21The respondent contends that the applicant has failed to provide compelling medical evidence to support he should be removed from the MIG based on chronic pain or that he suffers a functional impairment that impacts his daily life. The respondent submits that based on the applicant’s own medical evidence as well as the IE report of Dr. Alan Kruger, the applicant does not have chronic pain that warrants removal from the MIG.
22I find that the applicant has not established that he suffers from a chronic pain condition arising from the accident, nor that he experiences any functional impairment due to pain. This conclusion is based on the following findings.
23First, the OCF-3, completed one day after the accident, identifies several physical injuries, including neck muscle and tendon injury, cervicothoracic and lumbosacral radiculopathy, thoracic spine pain, rib and sternum sprain/strain, left shoulder injury, lower back and pelvic injury, and a left knee injury. While these diagnoses confirm acute injuries, they do not establish chronic pain or any associated functional impairment.
24Second, subsequent clinical notes from Revive Health Centres indicate the applicant attended regular treatment over several years, consisting of stretching, electrotherapy, massage, and resistance band exercises. Although occasional pain was recorded, most entries describe the treatment as maintenance, and there is no documentation of functional impairment.
25Third, similarly, the clinical notes from Dr. Turner dated February 27, April 8 and November 12, 2020 referenced by the applicant, note complaints of shoulder, neck pain, and sleep issues, but contain no discussion of any functional limitations.
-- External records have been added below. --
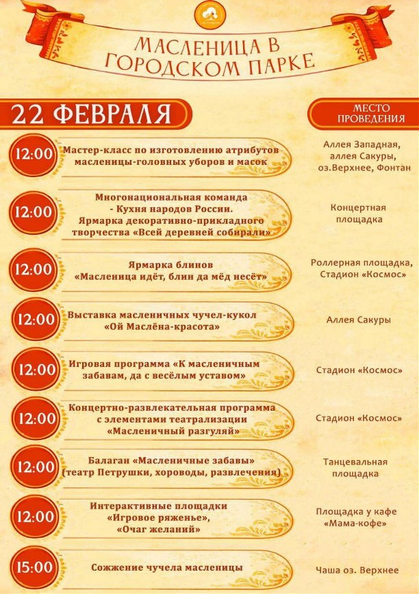 Гостей ждут мастер-классы, различные ярмарки и выставки, интерактивные площадки, балаган "Масленичные забавы" и многое другое. Кульминацией праздника станет сожжение чучела на озере Верхнем. Подробная афиша — в карточке:
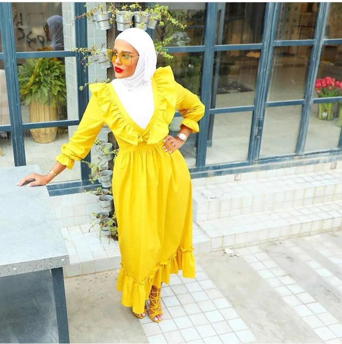 أما المدونة الخيجية خولة المراغي فقد اختارت اللون الأصفر بفستان بسيط وناعم بدرجة الـ Off Yellow أو الأصفر الباهت، مع أزرار أمامية، وحزام الخصر، مناسب للصبايا المراهقات، بمشاويرهنّ النهارية.
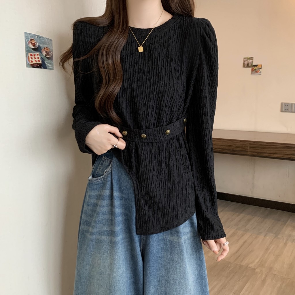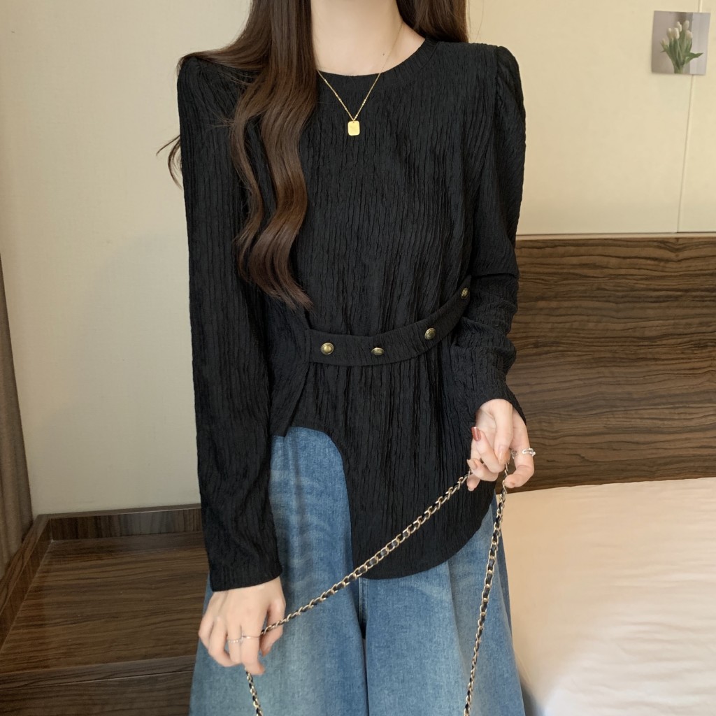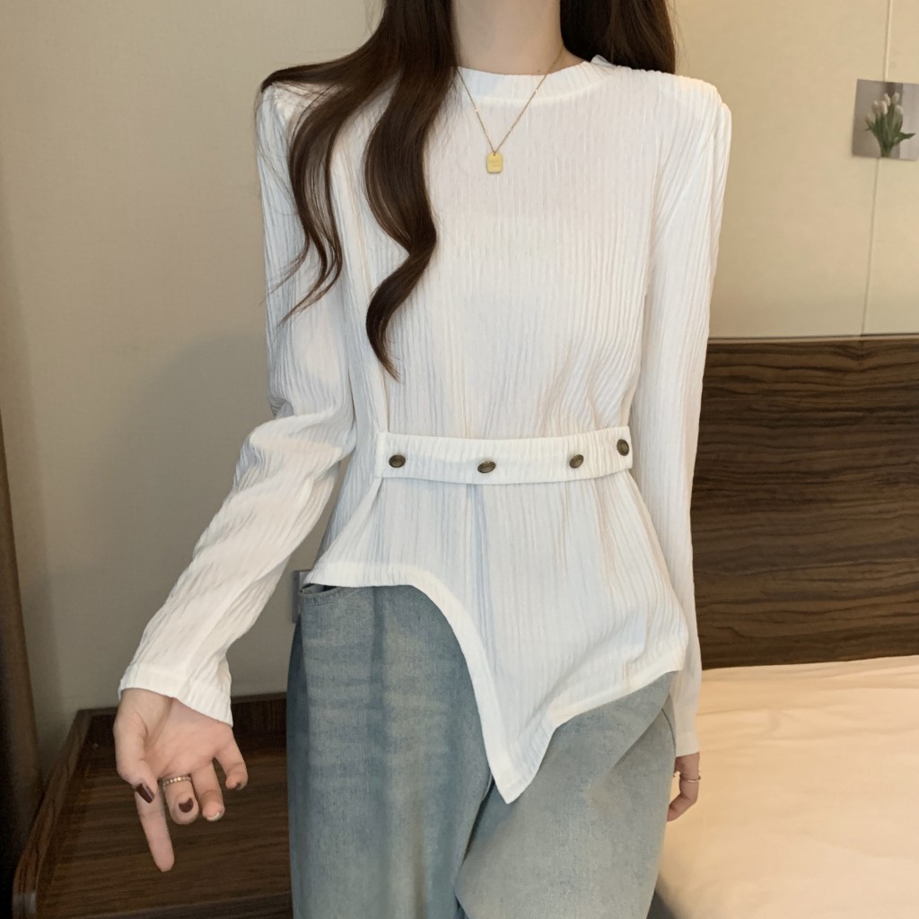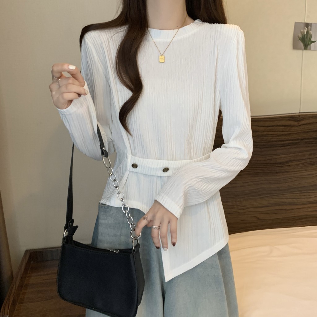 PF1257#大码~春装新款不规则长袖t恤女宽松独特别致上衣设计感小众女

26Fourth, in December 2020, the applicant was assessed by Dr. Halman, an orthopedic surgeon, regarding his shoulder. Dr. Halman concluded that the applicant has a chronic left shoulder rotator cuff deficiency. He noted that while the applicant may have experienced some neck symptoms and possibly a shoulder sprain from the accident, imaging taken shortly after the accident showed acromion remodeling, which could not have resulted from the accident. Dr. Halman opined that this is a longstanding condition, developing over years, and unrelated to the motor vehicle accident.
27Fifth, I find the IE report of Dr. Kruger, dated January 3, 2023, identifies no functional impairments. The applicant is not taking medication, manages household chores and personal care, sleeps well, and returned to modified work duties involving light tasks in March 2019. Dr. Kruger concludes that, despite ongoing subjective complaints, the injuries are minor soft tissue in nature, with full recovery anticipated.
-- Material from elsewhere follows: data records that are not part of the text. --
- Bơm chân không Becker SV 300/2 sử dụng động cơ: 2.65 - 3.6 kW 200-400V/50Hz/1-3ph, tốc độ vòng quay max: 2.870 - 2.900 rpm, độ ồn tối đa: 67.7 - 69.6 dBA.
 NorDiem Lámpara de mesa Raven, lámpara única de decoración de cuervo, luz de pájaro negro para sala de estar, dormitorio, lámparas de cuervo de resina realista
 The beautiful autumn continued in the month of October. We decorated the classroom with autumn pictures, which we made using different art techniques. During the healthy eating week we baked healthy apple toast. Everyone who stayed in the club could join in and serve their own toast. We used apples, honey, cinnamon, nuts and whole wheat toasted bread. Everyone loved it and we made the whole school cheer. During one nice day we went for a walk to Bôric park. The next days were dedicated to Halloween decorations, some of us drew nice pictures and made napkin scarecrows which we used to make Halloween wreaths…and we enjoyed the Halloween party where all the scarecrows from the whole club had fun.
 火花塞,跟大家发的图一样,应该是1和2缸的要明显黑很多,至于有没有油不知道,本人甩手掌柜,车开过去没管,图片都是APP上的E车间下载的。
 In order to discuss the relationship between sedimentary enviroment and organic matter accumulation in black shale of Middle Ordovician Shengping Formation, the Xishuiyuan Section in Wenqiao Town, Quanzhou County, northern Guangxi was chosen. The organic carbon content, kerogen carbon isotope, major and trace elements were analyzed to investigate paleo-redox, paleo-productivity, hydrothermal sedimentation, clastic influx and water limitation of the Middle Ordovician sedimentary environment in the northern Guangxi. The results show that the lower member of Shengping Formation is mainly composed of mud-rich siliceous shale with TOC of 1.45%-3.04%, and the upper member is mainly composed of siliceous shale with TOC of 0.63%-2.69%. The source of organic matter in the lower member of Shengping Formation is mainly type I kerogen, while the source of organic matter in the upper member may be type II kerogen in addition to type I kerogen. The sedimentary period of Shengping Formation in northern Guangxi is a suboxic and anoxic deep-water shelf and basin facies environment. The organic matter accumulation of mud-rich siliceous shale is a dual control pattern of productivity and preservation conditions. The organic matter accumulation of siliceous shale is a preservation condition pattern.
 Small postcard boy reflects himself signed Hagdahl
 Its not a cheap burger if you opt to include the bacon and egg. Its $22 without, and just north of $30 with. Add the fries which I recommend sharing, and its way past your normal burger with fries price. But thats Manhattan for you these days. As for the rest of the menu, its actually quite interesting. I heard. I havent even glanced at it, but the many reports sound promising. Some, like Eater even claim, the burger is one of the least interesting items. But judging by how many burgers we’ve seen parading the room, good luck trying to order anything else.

28The medical evidence does not establish a diagnosis of chronic pain or chronic pain syndrome, nor does it demonstrate chronic pain accompanied by functional impairment. Accordingly, I find that the applicant does not meet the criteria for removal from the MIG on the basis of chronic pain.
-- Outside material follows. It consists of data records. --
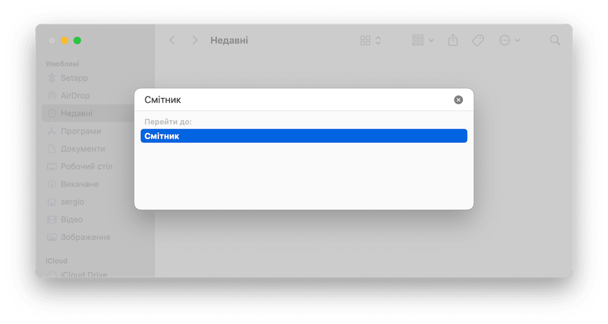 - Тож відкрийте Смітник і знайдіть файли, котрі не хочуть видалятись повністю.
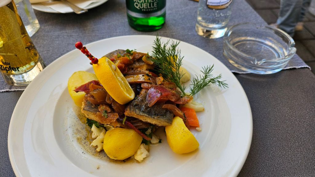 I ended up at Restaurant Zum Eulenspiegel, where I opted to take a break from all the red meat and potatoes I’d been eating and ordered a fish dish. The had something called char, which ended up being like a mix between salmon and trout. It was delicious and a nice surprise.
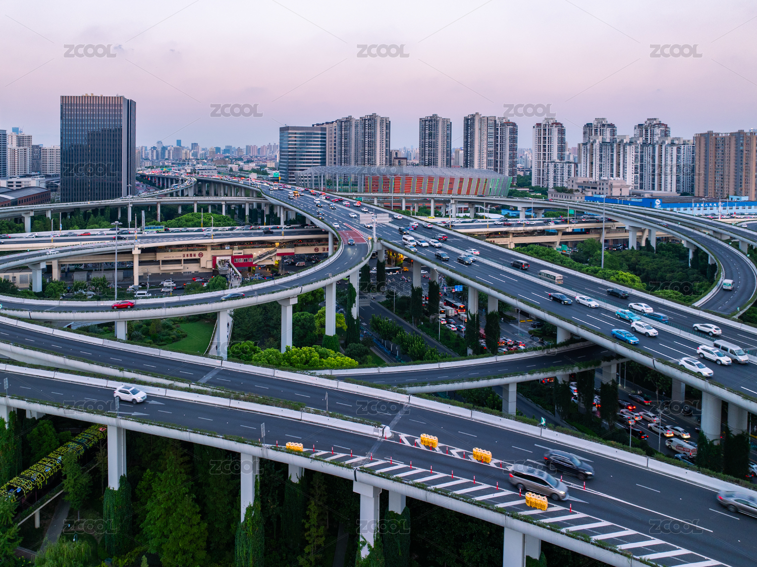 航拍上海汶水路立交桥城市晚高峰车来车往
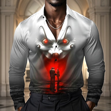 Per uomo Pagliaccio inquietante Burlone Camicia Camicia in raso Camicia elegante Manica Lunga Stile gotico oscuro All'aperto Ferie Estate Primavera Autunno Collo ripiegato Stampa 3D Camicie con

29As I have found the applicant’s injuries to be within the MIG, he is entitled to treatment within the MIG limits. It is not necessary to determine if the treatment plans for chiropractic services are reasonable and necessary.
Interest
30Interest applies on the payment of any overdue benefits pursuant to s. 51 of the Schedule. Since I have not determined that any benefits are overdue, the applicant is not entitled to interest.
Award
31The applicant also sought an award under s. 10 of O. Regulation 664. Under s. 10, the Tribunal may award up to 50% of the total benefits payable if it determines that the insurer unreasonably withheld or delayed the payment of benefits. Since no benefits were unreasonably delayed or withheld by the insurer, the applicant is not entitled to an award.
ORDER
32For the reasons above, I find that:
i. The applicant remains in the MIG and entitled to treatment up to the MIG limits. ii. The applicant is not entitled to interest or an award.